I need to run two 12V triggers from my projector (PT-AE4000) to the AV center, in wall, about 25ft. I have some spare in-wall rated Cat 6 cable laying around. Can I use this?


----------



## Anthony (Oct 5, 2006)

Sure. Just mark/label it well. If you can get the mA spec of the trigger, you can figure out how many of the "pairs" you need to fully conduct the signal with no loss (it is usually very small).

Cat6 is much easier to use than Cat5 for this as the gauge is thicker. Cat6 even supports power over ethernet (PoE), which is 48V and draws significant power to power phones, repeaters, etc.

The simplest way is to tie all the colors together to be the hot (+) and the white/stripe together (-).

Good luck.


----------



## sga2 (Nov 14, 2009)

Thanks, Anthony. 

How can I determine the current carrying capacity of Cat6? Is there an applicable standard? The projector actually has 2 triggers, so I'd like to keep wome of the pairs for spare/future use. 

If I didn't happen to have a spool of Cat6 laying around, what would be the preferred cable for a "standard" 12v trigger?

Thanks, 
sga2


----------



## Anthony (Oct 5, 2006)

If you are going to twist up the ends of the Cat6, that will be way more than enough current capacity. There are charts online, wikipedia, Pocket Ref book, etc that have current capacity (ampacity) for different gauges.

If you were only going to use one pair (i.e. the other 3 pairs were used for another trigger, IR system, phone, etc) then it would be good to check. But if the whole Cat6 was dedicated to one trigger, you will be fine. Even if you split them into groups of two, you will be fine.

Cat6 is 23 gauge per conductor. That's about .7A per conductor. Even with derating, length, and safety concerns, you could put 1A through both of them (2 solids+ 2 stripes-) no problem. Your triggers are probably 100mA max and not even that much

If you did not use Cat6, you would want to get cheap speaker wire (whole house audio, usually used for those in-wall speaker PA systems for background music) or alarm wire. These are 16-2 or 18-2 (I've even seen 20 gauge used), in-wall rated, and can handle much higher currents than a trigger can put out (older triggers sometimes fed relays and needed more juice -- now everything is solid-state, so it probably doesn't matter as much).

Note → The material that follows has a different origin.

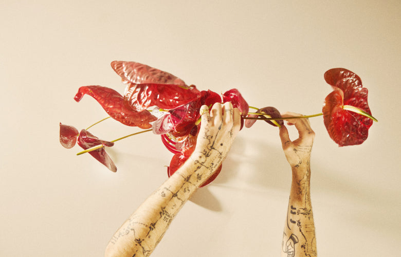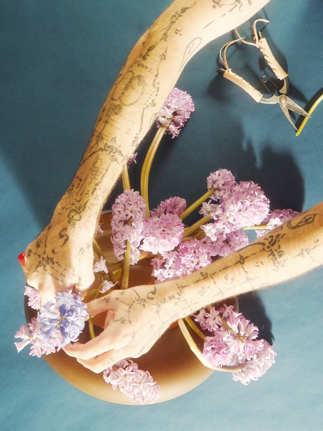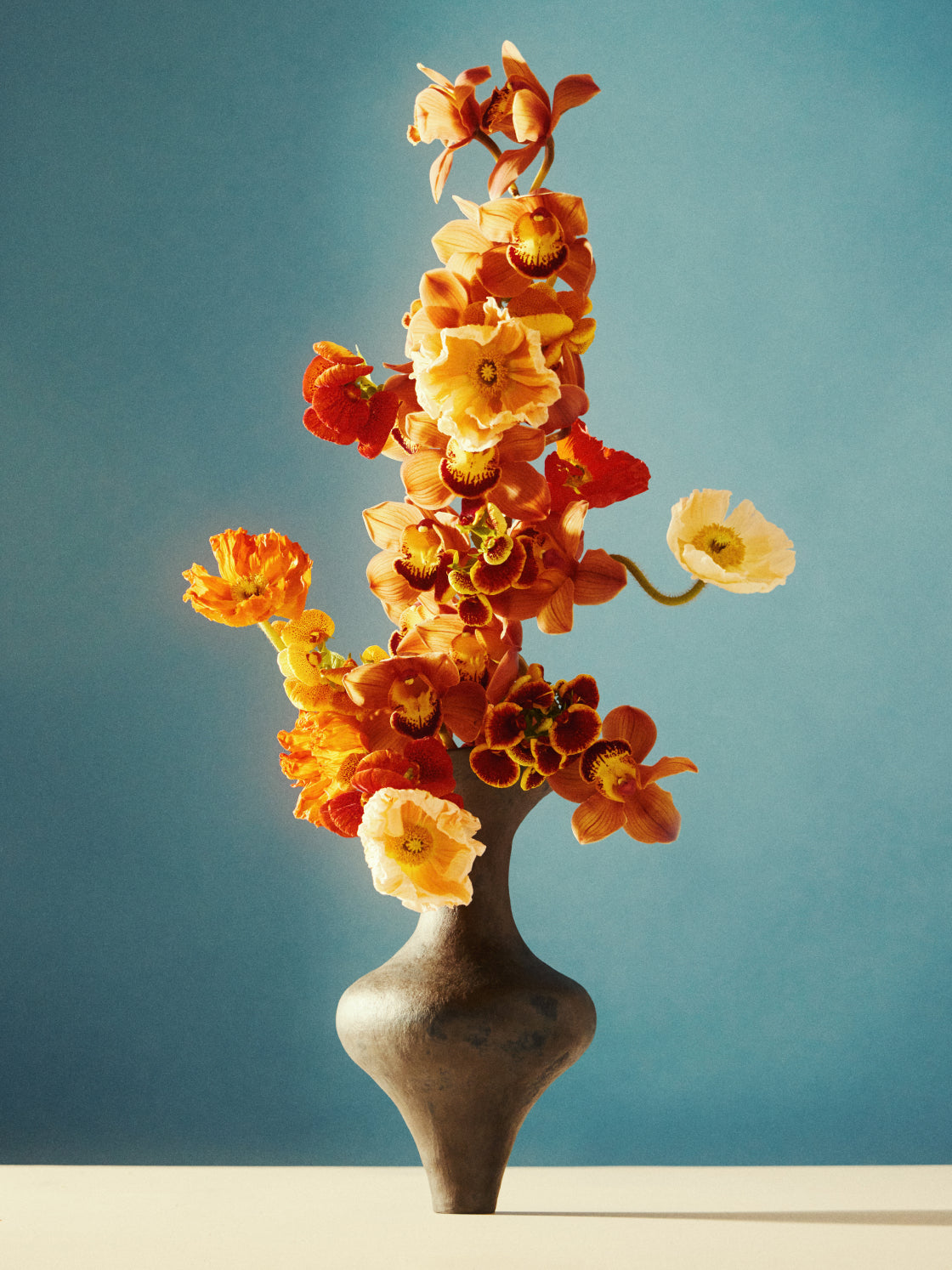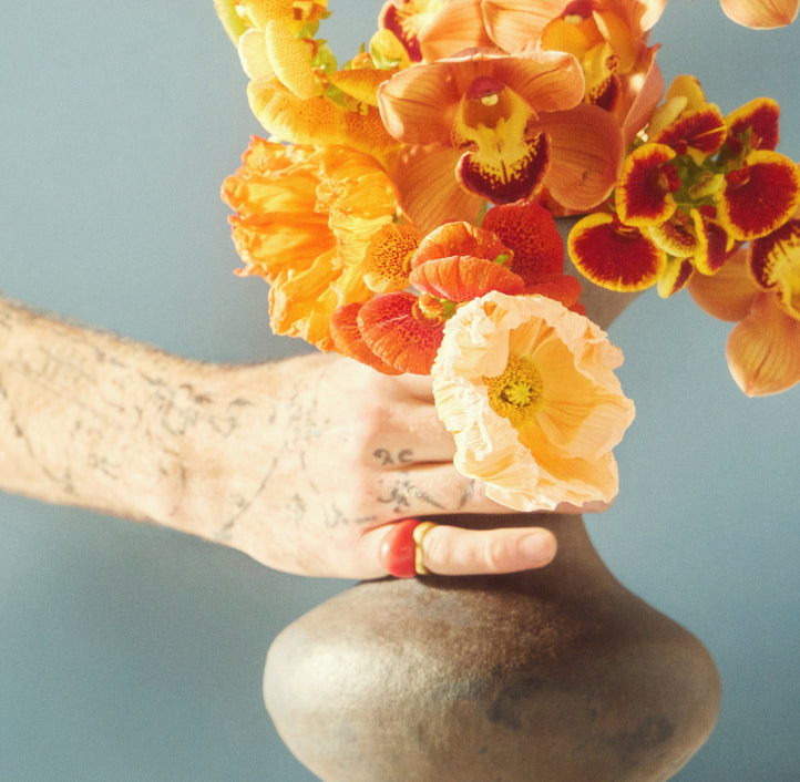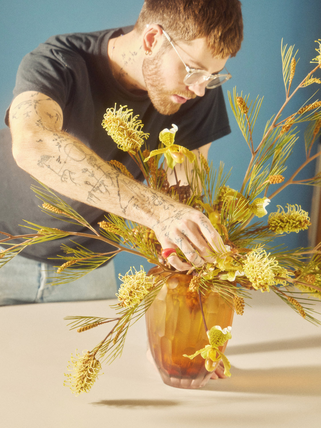 Hamish Powell’s predilection for the abstract and delighting in the unexpected makes him the perfect choice for sharing thoughts on how to arrange for ABASK’s sculptural vase curation.“Cornuco-paic, or is the word cornucopian?" laughs Hamish Powell as he describes the David Valner vessel—part strange cave form, part fruit bowl—in which he is about to orchestrate an abundance of hyacinths issuing forth. It is little wonder that Powell opted for the challenge of ABASK’s most conceptual vase shapes given his love of the weird and wonderful. He thinks his left brain/right brain approach owes something to a degree in Micro Plant Biology (where he received a first class honors), a stint at florist McQueens in London, and his career today as an artist and founder of his eponymous flower studio which collaborates regularly with Loewe, Azzedine Alaïa and New Bond Street’s fashion behemoths.

Hopefully this was more help than confusing 

Good luck.


----------



## sga2 (Nov 14, 2009)

Thanks. I wanted to double check what I did find on Wikipedia. 

Since there is at least some concern over amps - and we're still talking about a fire hazard here - I may instead use some some leftover 16-ga in-wall speaker wire I bought ~10 years ago. I've recently purchased a 500ft spool of Belden 5000UP 12-ga cable, so I won't be needing the 16-ga stuff for speaker wiring any more but I might as well put the money I spent on it to good use somewhere. I'll save the Cat6 for a later day...

Thanks for all the help!


----------



## Anthony (Oct 5, 2006)

Our phones and one of our network switches at work are powered over ethernet, so I know the Cat6 will work (and probably not be a fire hazard, again, no idea what your trigger circuits draw). But it's also expensive compared to the 16-2 inwall, so that's probably a better route to go.

Good luck.


----------